Tuesday, April 26, 2011

Uncle Sam's Catch-22

As perplexing as this may sound, keep in mind that Puerto Rico's unemployment rate is over 16%, the local government is contemplating a guest-worker program to bring in people from nearby Haiti and the Dominican Republican to harvest coffee. Picking coffee beans isn't rocket science, but it seems like very few people want to roll up their sleeves and labor under the sun. Many attribute this kind of mentality to the culture in which Uncle Sam has helped create, one in which people would rather live on government assistance (on the island, it's colloquially known as "cupones") than earn a paycheck. An estimated six out of ten families are beneficiaries of the Nutrition Assistance for Puerto Rico (PAN) program, and less than half of the people on the island work. Officially, the labor participation rate hovers at around 40%. However, for those of you who live on the island, you're probably aware of the existence of a sizeable underground economy.

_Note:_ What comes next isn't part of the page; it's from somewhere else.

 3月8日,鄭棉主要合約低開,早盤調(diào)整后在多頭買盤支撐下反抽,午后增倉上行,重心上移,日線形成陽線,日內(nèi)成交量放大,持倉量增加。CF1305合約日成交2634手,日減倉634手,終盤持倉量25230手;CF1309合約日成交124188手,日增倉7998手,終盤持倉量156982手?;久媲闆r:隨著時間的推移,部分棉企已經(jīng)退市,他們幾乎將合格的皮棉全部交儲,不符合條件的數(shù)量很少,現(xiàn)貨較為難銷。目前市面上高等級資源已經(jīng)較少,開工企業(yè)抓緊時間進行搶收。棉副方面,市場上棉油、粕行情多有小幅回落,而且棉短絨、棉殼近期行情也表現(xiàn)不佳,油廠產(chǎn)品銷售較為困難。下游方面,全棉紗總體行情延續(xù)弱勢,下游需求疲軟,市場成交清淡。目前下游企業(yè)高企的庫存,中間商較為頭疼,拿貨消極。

Nevertheless, in some of the most impoverished towns on the island, such as Comerío, the unemployment rate is at a whopping 22.8% and 60% of the residents are recipients of PAN. While some criticize such entitlement programs in creating more harm than good, others believe it has helped improved the lives of many low-income families. According to the 2006 U.S Census, 45.6% of the island's population lived below the poverty level. This statistic is quite mind-boggling, especially while taking a stroll at Plaza Las Américas and seeing all those luxury cars on the street.

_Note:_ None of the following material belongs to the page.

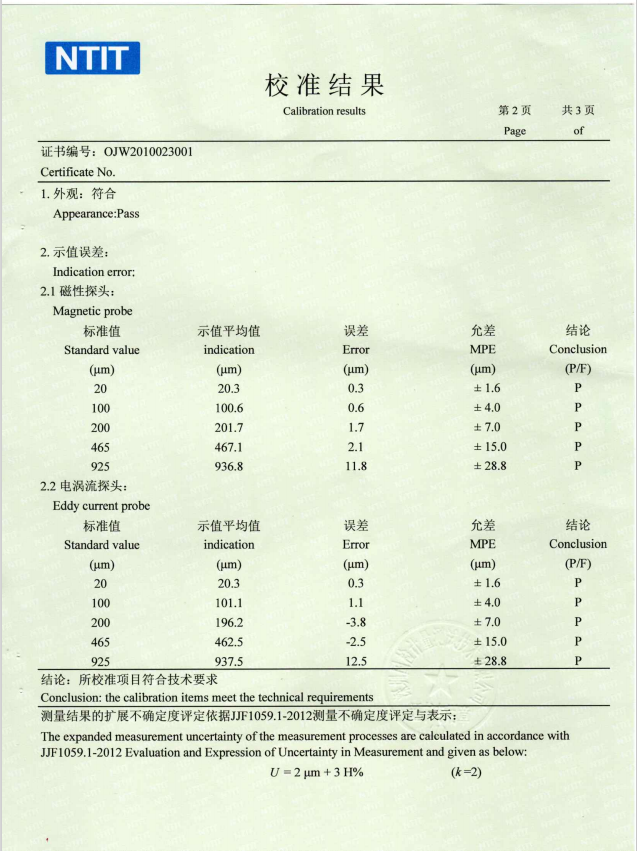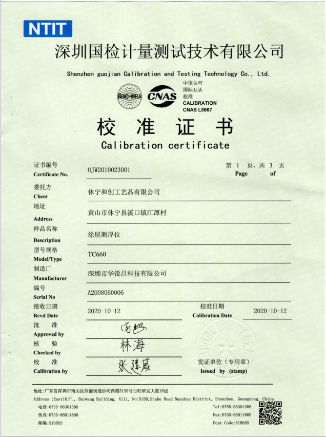 校準(zhǔn)證書-HRC華銳昌涂層測(cè)厚儀TC660

While the 2011 federal budget calls for cuts in some programs designed to help the neediest, it will not affect PAN, which Puerto Rico expects to receive $2 billion this year. The Times Magazine columnist Fareed Zakaria, who is also host of CNN's Global Public Square, was invited to the island by the Center for the New Economy to talk about his perspective on the island's economy. During his speech, he spoke for Puerto Rico's desperate need to abandon the "politics of dependence" on federal funds. The island must begin the process of transformation and focus on creating wealth, and stop looking towards the U.S federal government as a "money machine," said Zakaria. Furthermore, Puerto Ricans must not wait for politicians to begin this transformation. Indeed, nobody could have said it better.